— TASK GOAL —
Restate word for word the entries below, starting with the line with "Выступление фольклорного ансамбля" and continuing through the line with "также посетили и". Include both of those lines and no others.

— PROVIDED ENTRIES —
____

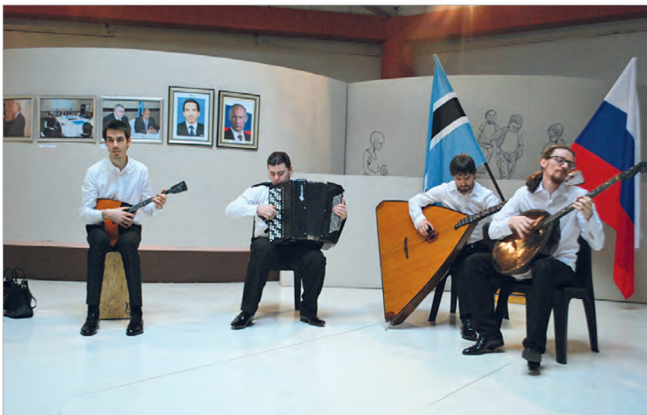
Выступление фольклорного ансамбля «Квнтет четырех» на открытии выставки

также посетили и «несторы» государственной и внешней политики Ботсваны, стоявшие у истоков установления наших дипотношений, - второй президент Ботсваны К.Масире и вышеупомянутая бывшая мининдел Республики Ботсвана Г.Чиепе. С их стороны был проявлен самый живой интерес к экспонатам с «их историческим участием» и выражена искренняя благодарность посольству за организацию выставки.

____

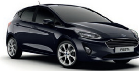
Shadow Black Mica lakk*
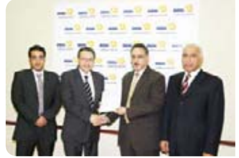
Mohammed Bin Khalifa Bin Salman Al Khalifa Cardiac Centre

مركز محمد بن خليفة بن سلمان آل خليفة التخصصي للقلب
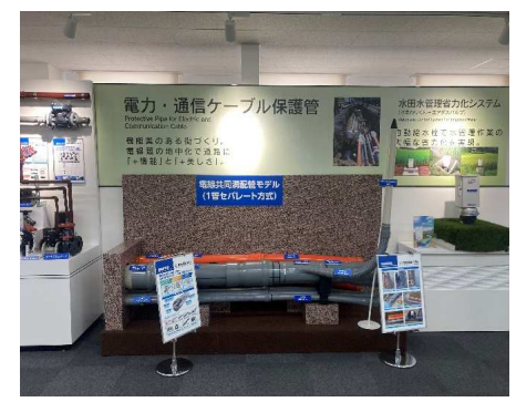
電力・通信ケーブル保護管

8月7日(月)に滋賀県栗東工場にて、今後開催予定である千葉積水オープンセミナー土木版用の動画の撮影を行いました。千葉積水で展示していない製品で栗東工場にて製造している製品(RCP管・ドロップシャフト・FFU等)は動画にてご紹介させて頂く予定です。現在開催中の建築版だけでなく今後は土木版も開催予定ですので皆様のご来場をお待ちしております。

____

— EXERCISE ANSWER —
Выступление фольклорного ансамбля «Квнтет четырех» на открытии выставки

также посетили и «несторы» государственной и внешней политики Ботсваны, стоявшие у истоков установления наших дипотношений, - второй президент Ботсваны К.Масире и вышеупомянутая бывшая мининдел Республики Ботсвана Г.Чиепе. С их стороны был проявлен самый живой интерес к экспонатам с «их историческим участием» и выражена искренняя благодарность посольству за организацию выставки.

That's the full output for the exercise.